Só na sessão de hoje trocaram de mãos 6,49 milhões de títulos do BPI, quando a média diária dos últimos seis meses não vai além de 2,8 milhões.

 

Os analistas consultados pela Reuters estimam que o banco liderado por Fernando Ulrich tenha registado um lucro de 22,5 milhões de euros nos últimos três meses do ano, regressando assim aos resultados líquidos positivos.

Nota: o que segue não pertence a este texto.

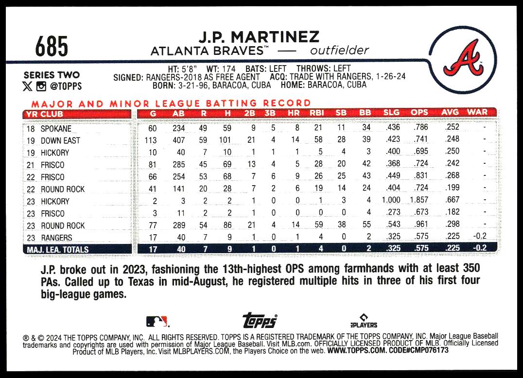 This Baseball card, from 2024 is part of the Topps Series 2 card set. J.P. Martinez is featured and has a card number of 685.
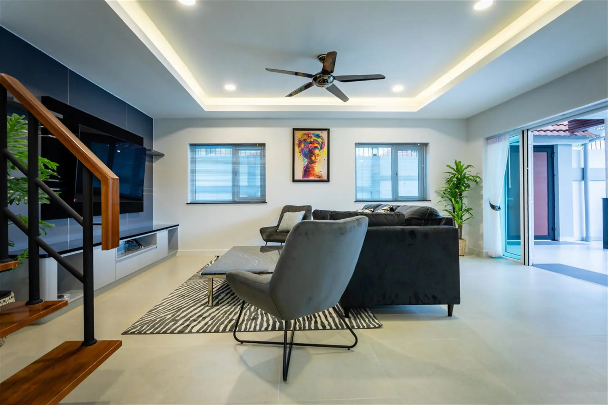 Open plan living room with lounge and dining areas

Para o acumulado do ano, o CaixaBI estima que o BPI tenha registado um prejuízo de 83,1 milhões de euros.

 

Os analistas salientam o impacto de Angola nas contas do banco, bem como o desafio que este mercado representa para a instituição, devido às regras europeias.

 

"Já há algum tempo que Angola tem sido apontada como motivo para a pressão sobre as acções do BPI e é uma questão que continua em cima da mesa", afirmou Albino Oliveira, analista da Fincor, à Reuters.

 

"Desde que surgiram as notícias sobre Angola ainda não houve qualquer comentário do banco sobre o tema e o mercado tem a expectativa que apareça uma indicação ou comentário sobre o tema hoje nos resultados ou na respectiva apresentação," referiu o analista da Fincor, citado pela agência de informação.

 

Além dos resultados, os bancos portugueses continuam a ser influenciados pelo desempenho do sector financeiro grego que, apesar da recuperação registada na sessão de hoje, vai continuar vulnerável aos desenvolvimentos políticos do país. Só esta quarta-feira, os quatro maiores bancos da Grécia perderam um quarto do seu valor em bolsa.